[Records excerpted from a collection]

● ● ● ● ●

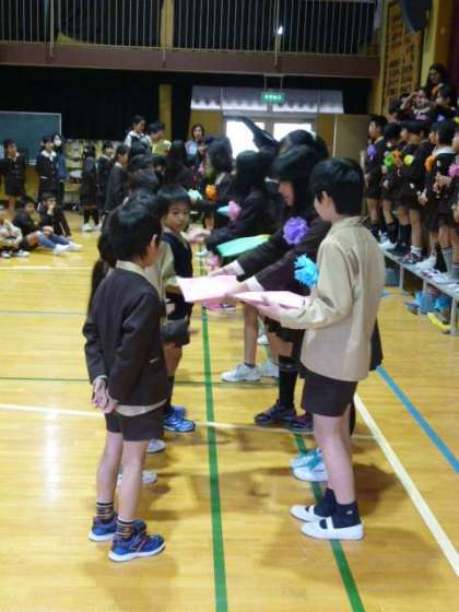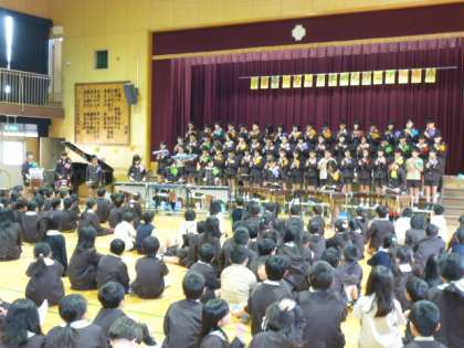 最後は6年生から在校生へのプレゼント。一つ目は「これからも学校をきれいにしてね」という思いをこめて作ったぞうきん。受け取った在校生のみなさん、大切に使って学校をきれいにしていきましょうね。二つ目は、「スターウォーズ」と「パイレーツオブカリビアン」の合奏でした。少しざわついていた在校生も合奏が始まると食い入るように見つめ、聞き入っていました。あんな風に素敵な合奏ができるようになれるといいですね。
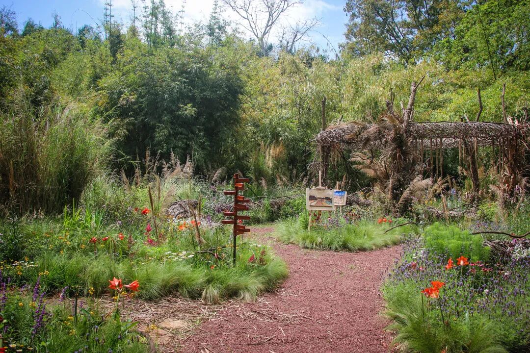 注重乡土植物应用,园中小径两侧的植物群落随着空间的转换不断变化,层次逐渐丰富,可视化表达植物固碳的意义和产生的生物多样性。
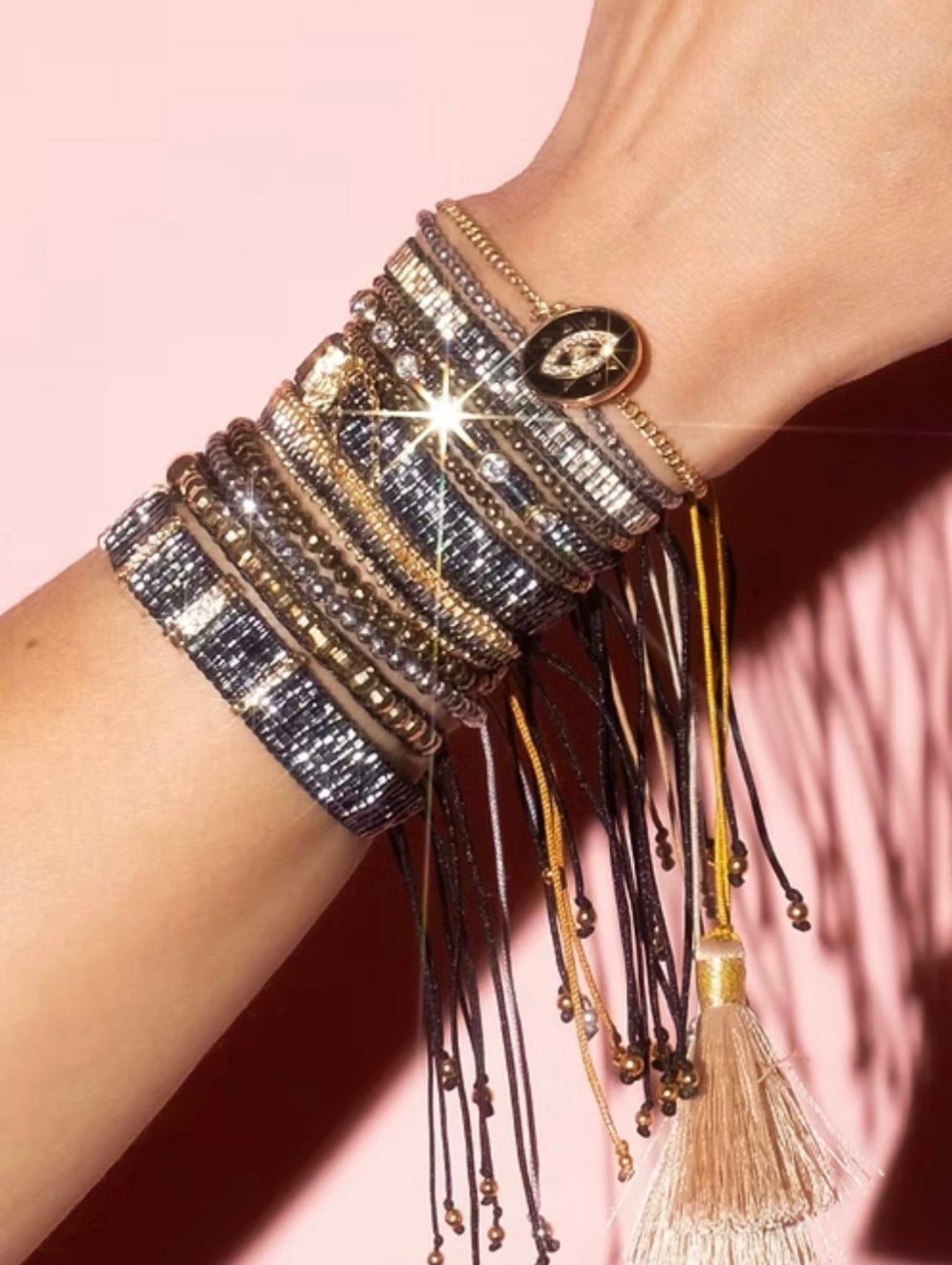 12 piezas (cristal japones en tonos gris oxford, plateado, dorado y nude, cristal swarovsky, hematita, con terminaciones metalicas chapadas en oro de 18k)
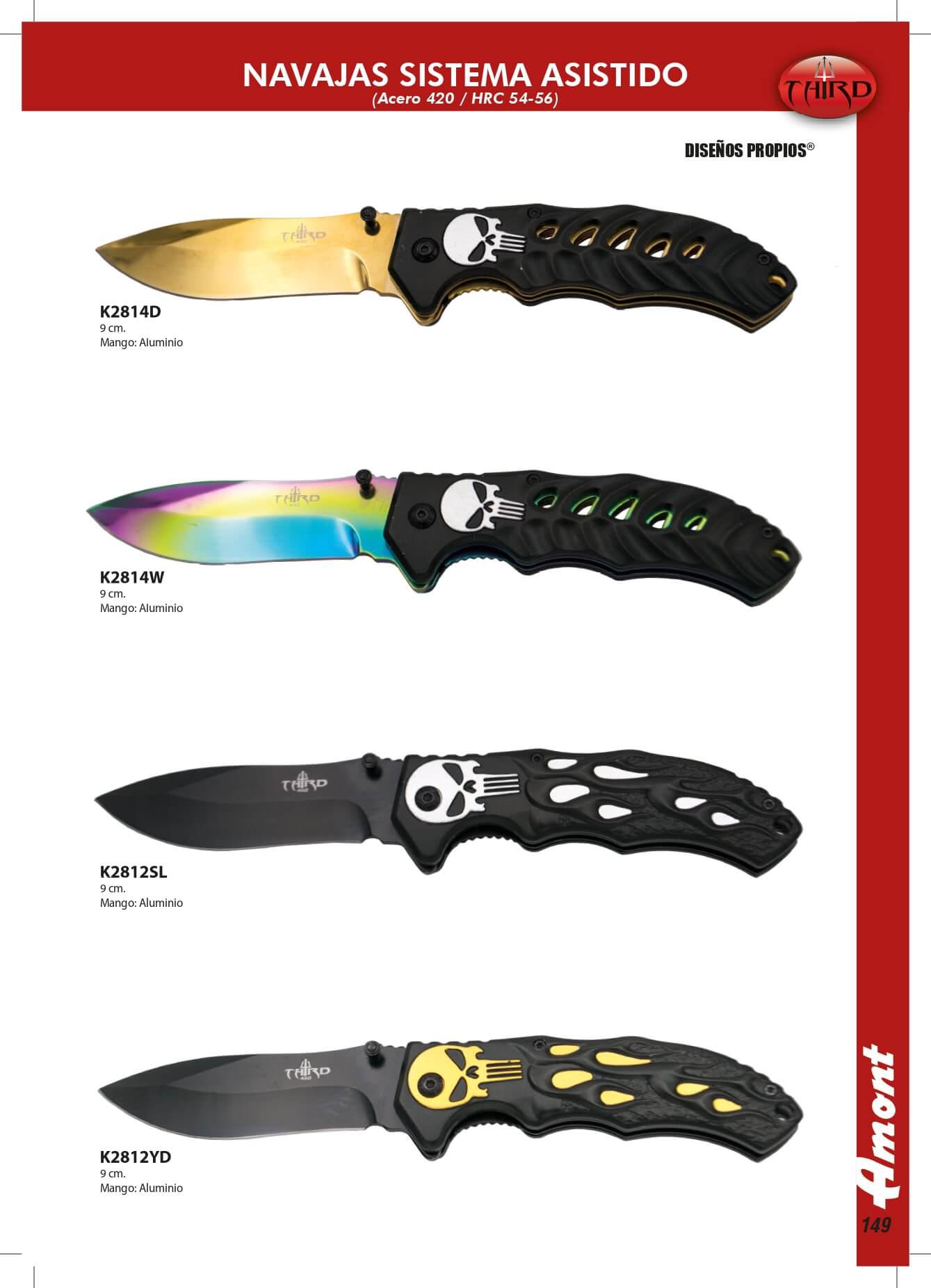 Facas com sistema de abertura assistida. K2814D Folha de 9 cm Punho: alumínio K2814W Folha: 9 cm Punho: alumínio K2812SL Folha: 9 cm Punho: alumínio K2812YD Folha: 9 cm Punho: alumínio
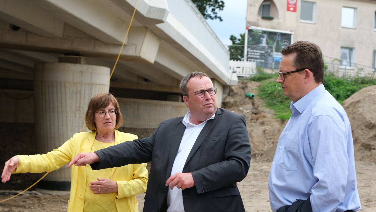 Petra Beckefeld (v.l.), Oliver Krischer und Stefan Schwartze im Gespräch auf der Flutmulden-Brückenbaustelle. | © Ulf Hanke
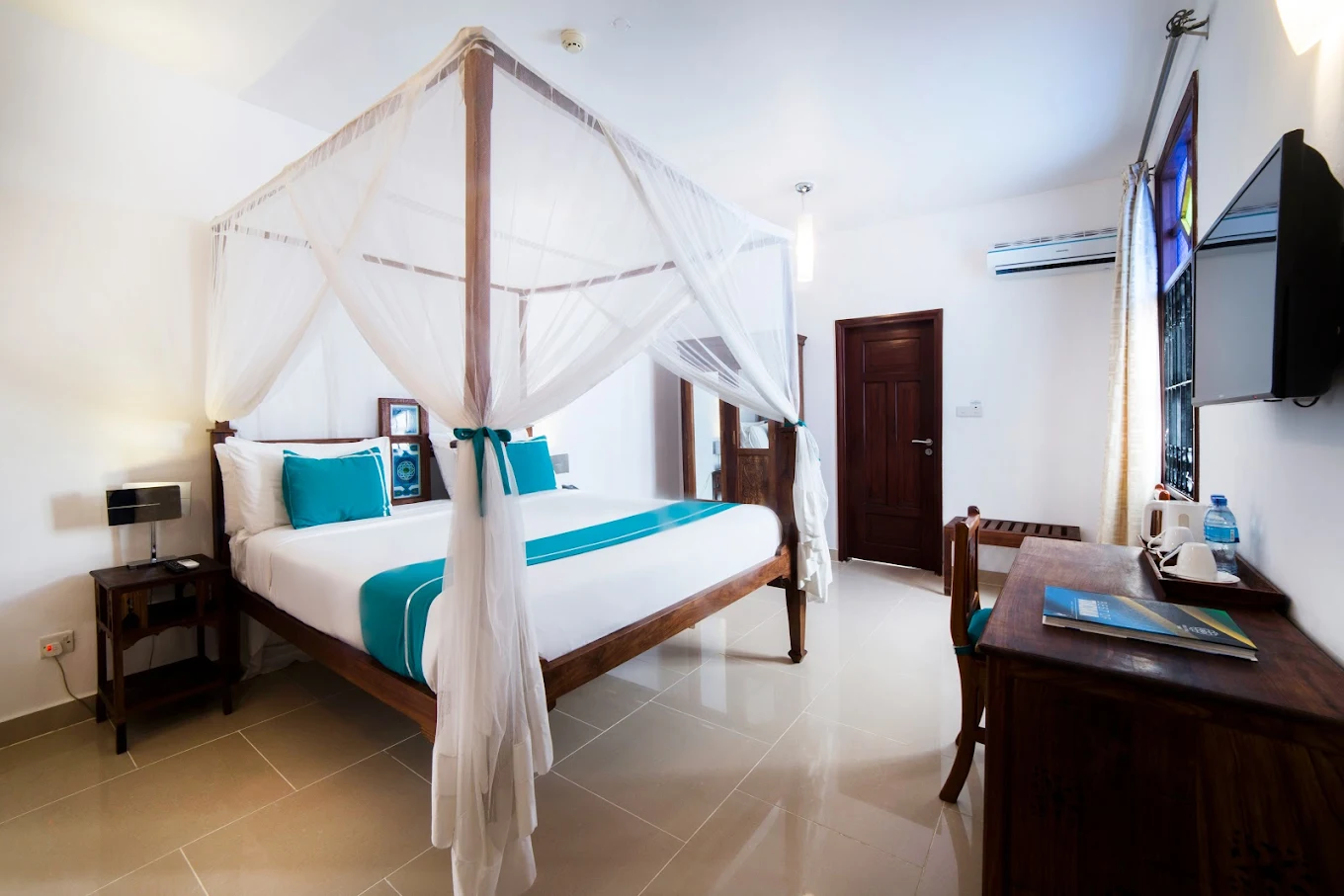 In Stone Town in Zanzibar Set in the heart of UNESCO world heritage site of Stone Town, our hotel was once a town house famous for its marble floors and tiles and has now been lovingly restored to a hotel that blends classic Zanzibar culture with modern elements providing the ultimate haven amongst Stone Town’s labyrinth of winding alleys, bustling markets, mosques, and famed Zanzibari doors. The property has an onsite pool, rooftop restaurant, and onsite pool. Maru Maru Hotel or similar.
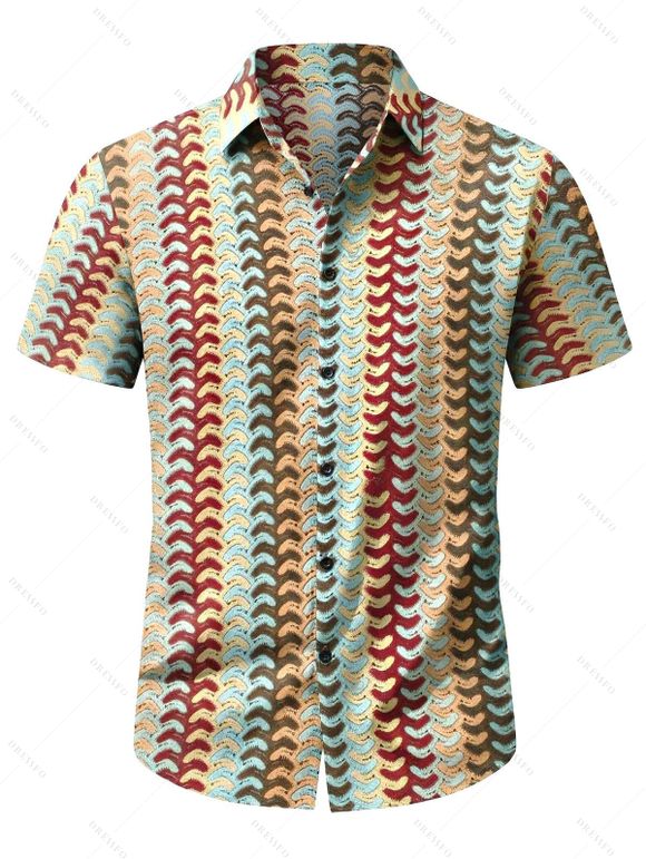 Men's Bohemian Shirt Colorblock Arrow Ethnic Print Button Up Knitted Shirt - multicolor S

● ● ● ● ●

◆ **Exercise requirements**
Beginning with the line above that has "注重乡土植物应用,园中小径两" and going on through the line that has "12 piezas (cristal", retype every line exactly and add nothing else; drop the pictures.

◆ **Exercise result**
 注重乡土植物应用,园中小径两侧的植物群落随着空间的转换不断变化,层次逐渐丰富,可视化表达植物固碳的意义和产生的生物多样性。
 12 piezas (cristal japones en tonos gris oxford, plateado, dorado y nude, cristal swarovsky, hematita, con terminaciones metalicas chapadas en oro de 18k)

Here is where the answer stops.